- Directed by: Bob Carlson
- Story by: Ralph Wright Bill Berg
- Produced by: Walt Disney
- Starring: Clarence Nash Pinto Colvig Fred Shields
- Music by: Oliver Wallace
- Color process: Technicolor
- Production company: Walt Disney Productions
- Distributed by: RKO Radio Pictures
- Release date: August 1, 1947 (U.S.);
- Running time: 6:01
- Country: United States
- Language: English

= Crazy with the Heat =

1947 Donald Duck cartoon

Crazy with the Heat is a 1947 Walt Disney Productions cartoon featuring Donald Duck and Goofy. This was the last Donald & Goofy short film produced.

==Plot==
The cartoon begins on a Sahara Desert road, and Donald and Goofy's car breaks down and runs out of Gas. Donald and Goofy are now forced to walk down the desert path. Eventually, Donald collapses from dehydration. Goofy then pulls out a canteen and drinks it. Donald snatches it from Goofy, pointing out they're lost. Goofy pulls out a tiny map to see if they are going in the right direction with a magnifying glass, but soon the map catches fire due to the glass' ray hitting the map. In a panic, Goofy snatches the canteen from Donald to put it out, wasting all their water in the process. One last drop falls into the sand, which Donald immediately starts digging for.

Goofy then decides to go out on his own. He goes west in the desert, but then sees a soda fountain, and decides to wet his whistle. There an Arab Spirit appears and Goofy asks him for a soda. Just as Goofy was about to enjoy his soda, it vanishes, revealing it was just a mirage. Goofy, confused, asks the spirit what happened, but he gives Goofy two more sodas. Goofy tries again to drink another soda, but they vanish as well. The spirit then offers four more sodas. After whistling for a short time, Goofy tries to grab all four sodas, but they just vanish.

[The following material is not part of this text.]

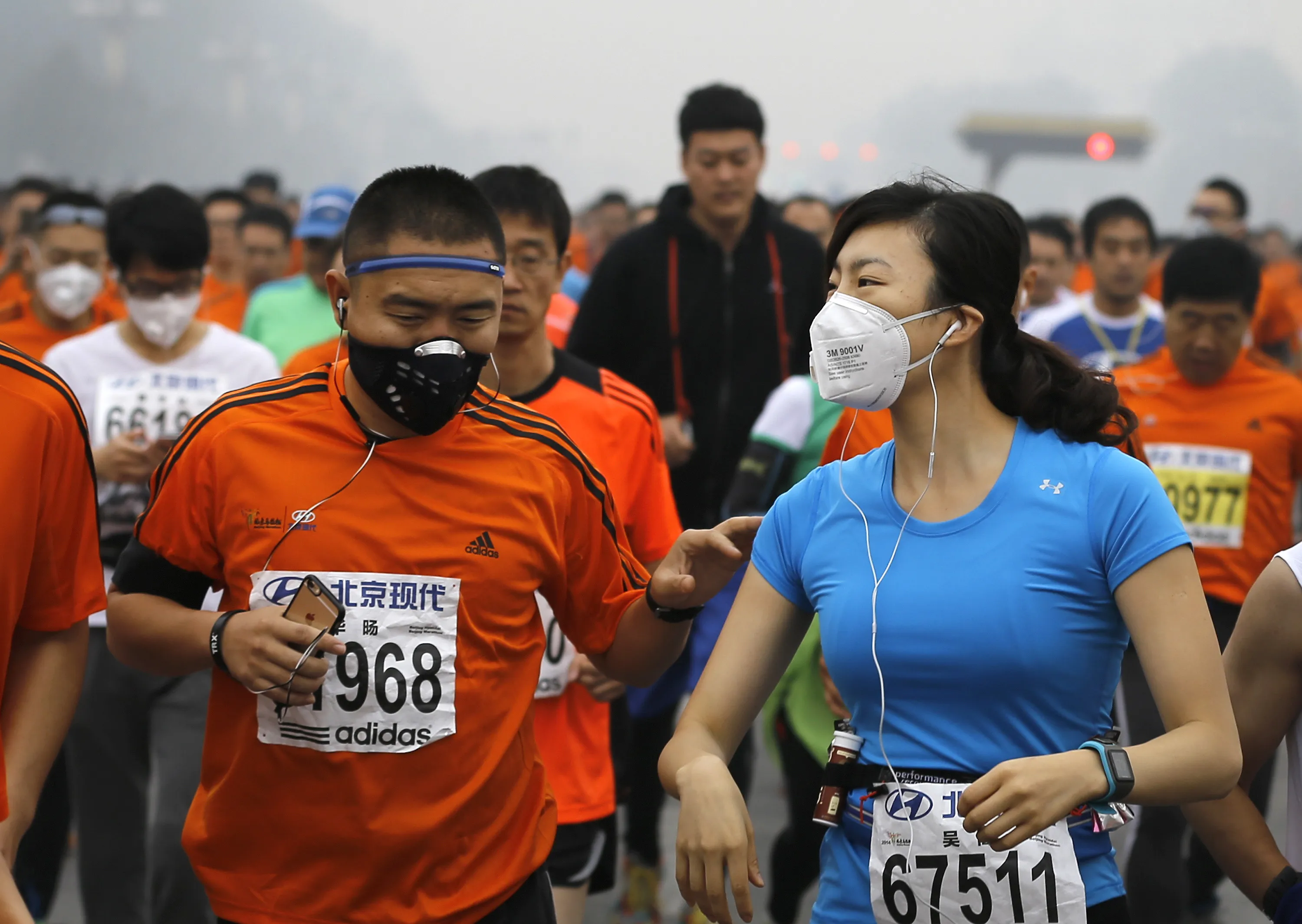 Runners wearing masks to protect themselves from pollutants jog past Chang'an Avenue near Tiananmen Square shrouded in haze while taking part in the 2014 Beijing International Marathon in Beijing, China Sunday, October 19, 2014. (Photo by Andy Wong/AP Photo)

Goofy, now fed up, leaves the mirage, but the spirit commands him to owe him six bucks, but Goofy refuses. The spirit forces Goofy to clean several dishes.

Meanwhile, Donald, exhausted from the heat, complains for water, and soon sees an Iceberg, and rushes to hug it, but the iceberg vanishes. Donald tries again and again, but the iceberg was just a mirage.

Donald and Goofy crash into each other, and break several dishes. The angry spirit appears and attacks them with a sword, and Goofy and Donald run away, but soon spot a Camel. They jump on to the camel and escape the desert, ending the cartoon.

==Voice cast==
- Clarence Nash as Donald Duck
- Pinto Colvig as Goofy
- Fred Shields as the Oasis Soda Fountain Proprietor

==Home media==
The short was released on December 11, 2007, on Walt Disney Treasures: The Chronological Donald, Volume Three: 1947-1950.